Compile Time & Memory Usage of a large C++ Project?

Compile Time & Memory Usage of a large C++ Project? - c++

Suppose one has about 50,000 different .cpp files.
Each .cpp file contains just one class that has about ~1000 lines of code in it (the code itself is not complicated -- involves in-memory operations on matrices & vectors -- i.e, no special libraries are used).
I need to build a project (in a Linux environment) that will have to import & use all of these 50,000 different .cpp files.
A couple of questions come to mind:
How long will it roughly take to compile this? What will be the approx. size of the compiled file?
What would be a better approach -- keep 50,000 different .so files (compiled extenstions) and have the main program import them one by one, or alternatively, unite these 50,000 different .cpp files into one large .cpp file, and just deal with that?

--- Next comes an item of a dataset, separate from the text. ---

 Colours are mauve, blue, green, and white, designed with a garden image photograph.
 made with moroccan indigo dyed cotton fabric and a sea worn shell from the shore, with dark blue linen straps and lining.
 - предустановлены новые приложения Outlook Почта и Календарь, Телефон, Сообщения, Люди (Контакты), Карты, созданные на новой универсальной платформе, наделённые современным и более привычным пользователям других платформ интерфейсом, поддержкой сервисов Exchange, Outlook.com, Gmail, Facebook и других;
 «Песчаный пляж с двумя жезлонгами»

Which method will be faster / more efficient?
Any insights are greatly appreicated.

There is no answer, just advice.
Right back at you: What are you really trying to do? Are you trying to make a code library from different source files? Or is that an executable? Did you actually code that many .cpp files?
50,000 source files is well... a massively sized project. Are you trying to do something common across all files (e.g. every source file represents a resource, record, image, or something unique). Or it just 50K disparate code files?
Most of your compile time will not be based on the size of each source file. It will be based on the amount of header files (and the headers they include) that will be brought in with each cpp file. Headers, while not usually containing implementations, just declarations, have to go through a compile process. And redundant headers across the code base can slow your build time down.
Large projects at that kind of scale use precompiled headers. You can include all the commonly used header files in one header file (common.h) and build common.h. Then all the other source files just include "common.h". The compiler can be configured to automatically use the compiled header file when it sees the #include "common.h" for each source.

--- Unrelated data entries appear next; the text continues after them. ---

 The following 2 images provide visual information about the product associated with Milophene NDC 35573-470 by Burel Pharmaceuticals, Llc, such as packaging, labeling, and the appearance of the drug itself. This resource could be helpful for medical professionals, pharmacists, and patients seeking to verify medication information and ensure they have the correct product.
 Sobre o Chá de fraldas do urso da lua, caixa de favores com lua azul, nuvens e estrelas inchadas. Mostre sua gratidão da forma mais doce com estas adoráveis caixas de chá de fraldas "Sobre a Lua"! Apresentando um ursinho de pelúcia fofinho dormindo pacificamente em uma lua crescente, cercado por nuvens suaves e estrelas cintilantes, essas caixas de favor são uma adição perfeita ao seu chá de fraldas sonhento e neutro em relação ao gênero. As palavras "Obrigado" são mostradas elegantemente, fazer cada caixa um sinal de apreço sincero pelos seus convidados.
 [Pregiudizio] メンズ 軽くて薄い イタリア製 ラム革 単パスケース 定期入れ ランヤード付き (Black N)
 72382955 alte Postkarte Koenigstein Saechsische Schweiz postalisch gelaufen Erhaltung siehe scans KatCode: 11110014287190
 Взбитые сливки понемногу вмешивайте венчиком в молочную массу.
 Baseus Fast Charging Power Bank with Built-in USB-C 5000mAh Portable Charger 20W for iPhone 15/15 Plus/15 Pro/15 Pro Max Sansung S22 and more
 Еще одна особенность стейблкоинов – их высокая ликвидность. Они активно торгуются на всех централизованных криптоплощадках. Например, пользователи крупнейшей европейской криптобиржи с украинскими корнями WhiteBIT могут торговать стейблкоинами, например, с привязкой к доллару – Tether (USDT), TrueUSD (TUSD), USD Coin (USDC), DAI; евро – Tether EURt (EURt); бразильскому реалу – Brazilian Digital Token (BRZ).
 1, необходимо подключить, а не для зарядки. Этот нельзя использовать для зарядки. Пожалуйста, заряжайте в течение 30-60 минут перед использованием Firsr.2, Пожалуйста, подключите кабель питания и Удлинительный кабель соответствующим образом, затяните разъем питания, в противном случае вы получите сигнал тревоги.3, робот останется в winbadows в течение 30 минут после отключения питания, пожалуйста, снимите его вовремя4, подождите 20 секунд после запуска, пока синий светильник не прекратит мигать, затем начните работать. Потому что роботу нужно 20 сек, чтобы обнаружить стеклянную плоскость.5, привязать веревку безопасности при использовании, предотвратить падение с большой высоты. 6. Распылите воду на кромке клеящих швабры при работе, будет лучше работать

(i) There are way too many factors involved in determining this, even an approximation is impossible. Compilation can be memory, cpu or hard drive bound. The complexity of the files matter (from your description, your complexity is low).
(ii) The typical way of doing this is to make a library and let the system figure out linking or loading. You can choose static or dynamic linking.
static linking
Assuming you are using gcc, this would look like this:
g++ -c file1.cpp -o file1.o
g++ -c file2.cpp -o file2.o
...
g++ -c filen.cpp -o filen.o
ar -rc libvector.a file1.o file2.o ... filen.o
Then, when you build your own code, your final link looks like this:
g++ myfile.cpp libvector.a -o mytask
dynamic linking
Again, assuming you are using gcc, this would look like this:
g++ -c file1.cpp -fPIC -o file1.o
g++ -c file2.cpp -fPIC -o file2.o
...
g++ -c filen.cpp -fPIC -o filen.o
ld -G file1.o file2.o ... filen.o -o libvector.so
Then, when you build your own code, your final link looks like this:
g++ myfile.cpp libvector.so -o mytask
You will need libvector.so to be in the loader's path for your executable to work.
In any case, as long as the 50,000 files don't change, you will only need to do the last command (which will be much faster).

You can build each object file from a '.cpp' with having the '.h' file having lots (and I MEAN LOTS) of forward declarations - so when you change a .h file it does not need to recompile the rest of the program. Usually a function/method needs the name of the object in its parmaters or what it is returing. If it needs other details - yes it needs to be included.
Please get a book by Scott Myers - Will help you a lot.
Oh - When trying to eat a big cake - divied it up. The slices are more manageable.

We can't really say the time it will take to compile, but what you should do is compile each .cpp/.h pair into a .o file:
$ g++ -c -o test.o test.cpp ...
Once you have all of these, you compile the main program as so:
$ g++ -c -o main.o main.cpp
$ g++ -o main main.o test.o blah.o otherThings.o foo.o bar.o baz.o etc...
Your idea of using .sos is pretty much asking "how quickly can I crash the program and possibly the OS?". Shared libraries are ment for large libraries in small numbers, not 50,000 .sos linked to a binary (especially if you load them dynamicly...that would be BAD).

Related

How to avoid recompiling all the files everytime?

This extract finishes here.